2 мастер: Это - дело малое - в стенку бухать. А засыпку немецкую знаешь?
Андрюха: Нет. Не допущали наших. Наши только подтаскивали, кому сколько велит. По этой подноске я и примечал маленько. Понять было охота. За карнахарем тоже примечать случалось. Это, который у них медь чистил, а к плавке вовсе допуску не было.
2 мастер: Возьму тебя подручным. Учить буду по совести, а ты обратно мне говори, что полезное у немцев видел.
Рассказчик: Мешкать не стали, в то же лето перевезли всех с семьями на новые места - в Полевую нашу.
Вот прошло годика два. Вовсе не так в Полевой стало, как при немцах. Меди во много раз больше пошло. Загремели наши Гумешки. По всей земле про них слава прошла. Народу, конечно, большое увеличение сделалось, и все из тех краев, где у Турчанинова раньше заводишко был. У печей полно, а в горе и того больше. У Турчанинова на это большая охота проявилась - деньги-то огребать. Ему сколь хошь подавай - находил место. Навидячу богател.
Ну, народу, конечно, тяжело приходилось. Чем дальше, тем хуже да хуже. На руднике вовсе людей насмерть забивают, и у печей начальство лютовать стало. Самолучших мастеров по зубам бьют.
Турчанинова тогда уже все барином звали. Барин да барин, имени другого не стало. На завод он и вовсе и дорожку забыл. Некогда, вишь, ему - денег много, считать надо.
Вот мастера и говорят.
1 мастер: Надо к самому сходить. Он, конечно, барином стал, а все-таки обходительный мужик, понимает дело.
2 мастер: Не забыл, поди, как с нами пировал? Обскажем ему начистоту.
Рассказчик: Вот и пошли всем народом, а их и не допустили.
Надзиратель: Барин кофию напился, и спать лег. Ступайте-ко на свои места к печам да работайте хорошенько.
Шум толпы.
1 мастер: Какой такой сон не к месту пришел!

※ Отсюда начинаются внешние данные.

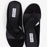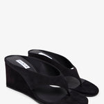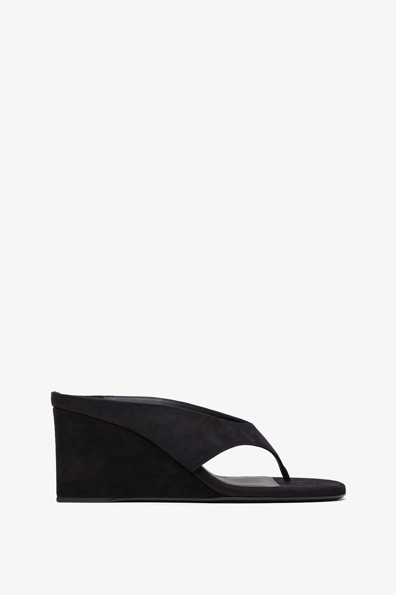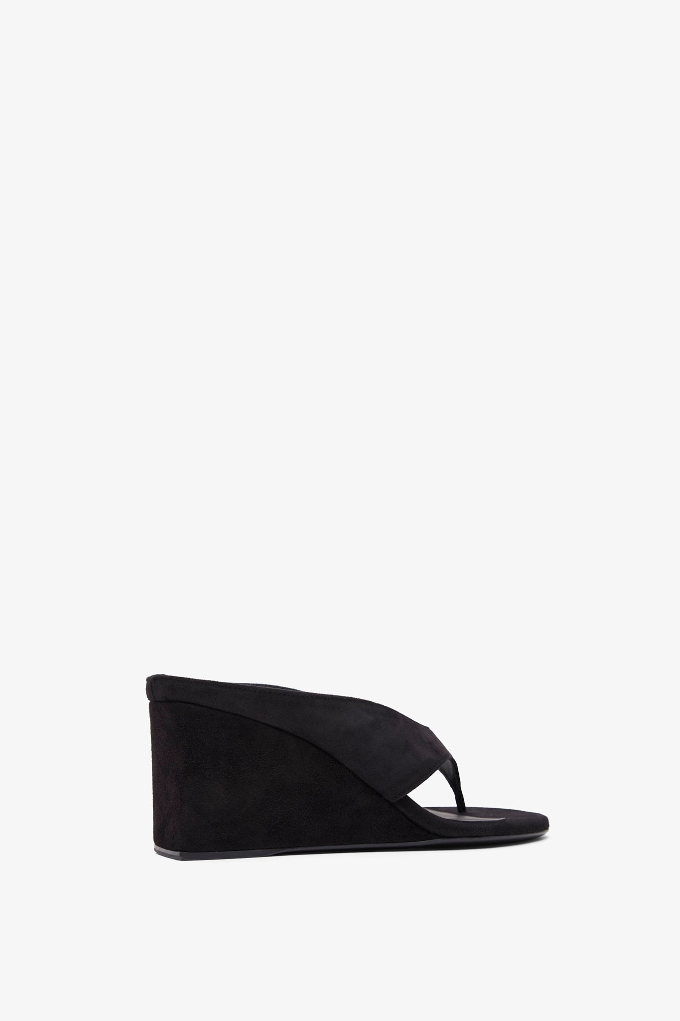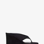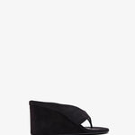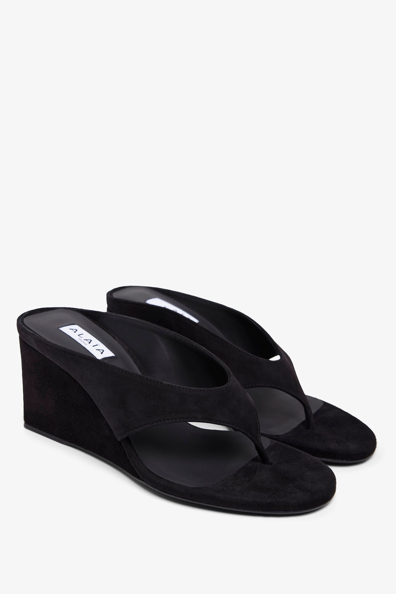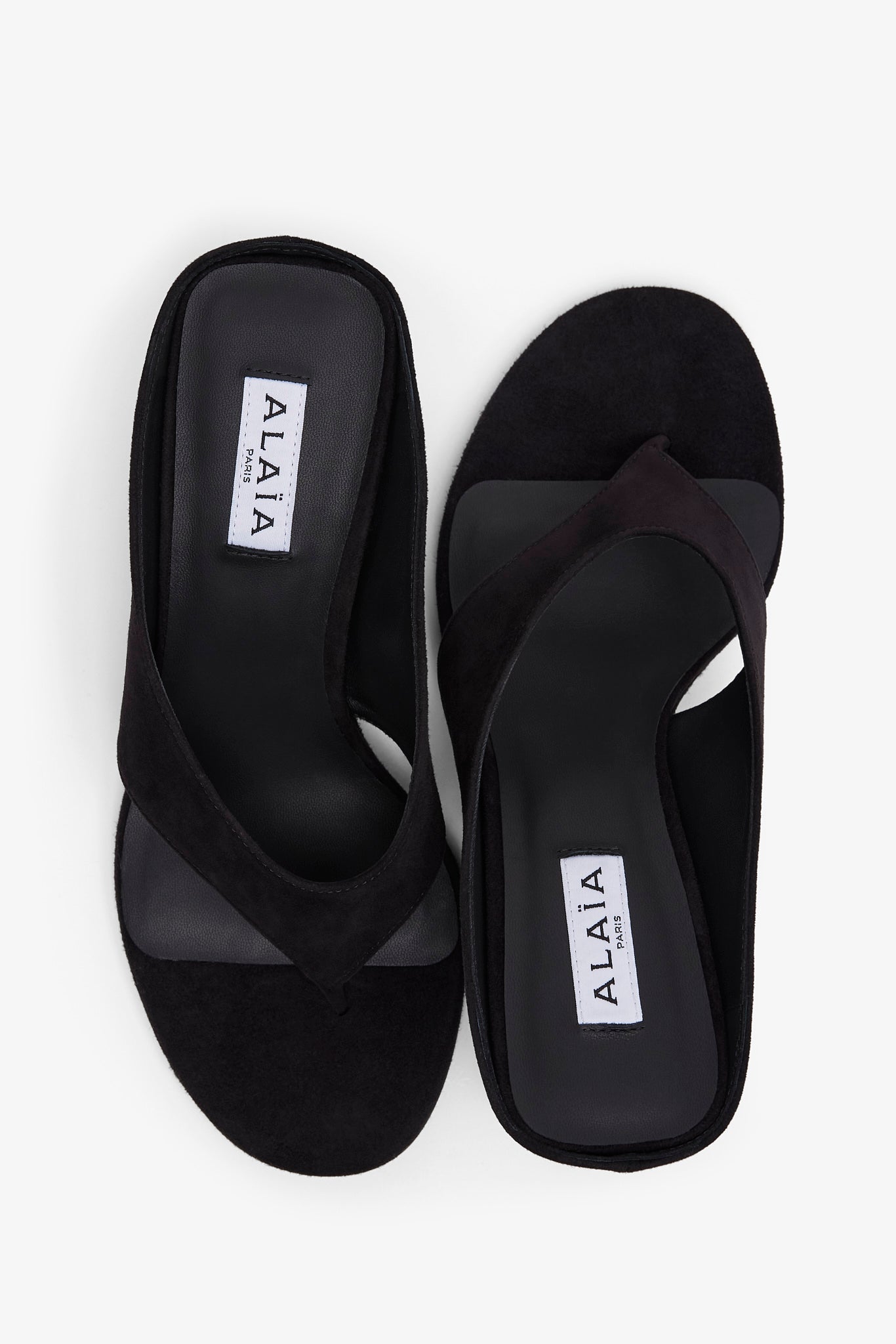 Black suede cube thong mules from Alaïa. The wedge thong mules are made from suede goatskin leather, feature a distinctive cubic heel measuring 75mm.

Андрюха: Время о полдне, а он спать!
2 мастер: Разбуди!
1 мастер: Пущай к народу выходит!
Рассказчик: На те слова барин и вылетел. Выспался, видно. С ним оборуженных сколько хошь. А подручный тот - Андрюха-то, человек молодой, горячий, не испугался, громче всех кричит, корит барина всяко. В конце концов, и говорит.
Андрюха: Ты про соль-то помнишь? Что народу-то обещал?!
Турчанинов: Как не помнить! Схватить этого выпороть, да посолить.
Андрюха: Солено-то мясо крепче!
Турчанинов: Да в гору его. На цепь!
Рассказчик: Прозвали его оттого Соленным. Он без обиды к этому.
Человеку долго ли на цепи здоровье потерять? Хоть того крепче будь, не выдюжит. Кормежка, вишь, худая, а воды когда принесут, когда и вовсе нет.
Помаялся так-то Андрюха с полгода ли, с год - вовсе из сил выбился. Тень тенью стал, - не с кого работу спрашивать.
Рудничный надзиратель и тот говорит:
Надзиратель: Погоди, скоро тебе облегчение выйдет. Тут в случае и закапаем без хлопот.
Рассказчик: Хоронить, значит, ладится, да и сам Андрюха видит - плохо дело. А молодой - умирать неохота.
Андрюха: Эх, зря люди про Хозяйку горы сказывают. Будто помогает она. Коли бы такая была, неужели мне не пособила бы? Видела, поди, как человека в горе замордовали. Какая она Хозяйка! Пустое люди плетут, себя тешат.
Рассказчик: Подумал так, да и свалился, где стоял. Так в рудничную мокреть и мякнулся, только брызнуло. Конец пришел.
Сколько он пролежал тут - и сам не знает, только теплому стало. Лежит будто на травке, а солнышко так и припекает, так и припекает. Как вот в покосную пору.
Андрюха: Это мне перед смертью солнышко приснилось. А коли, открою глаза, что увижу? Темь рудничную. Да, нет. И впрямь на горушке лежу. И без цепи. Видно мертвяком меня выволокли. Расковали, да положили тут, а я отлежался. Как теперь быть? В бега кинуться, али подождать. Что будет? Кто хоть меня в это место притащил?.. Гляди-ко: туесочек стоит, а на нем хлеб, ломтями нарезанный. Свои значит, вытащили и за мертвого не считали. Вишь, хлеба поставили да еще с питьем! По потемкам, поди, навестить придут. Тогда все узнаю. Хорошо если свои известят, а вдруг вперед начальство набежит? Надо оглядеться хоть, в котором это месте.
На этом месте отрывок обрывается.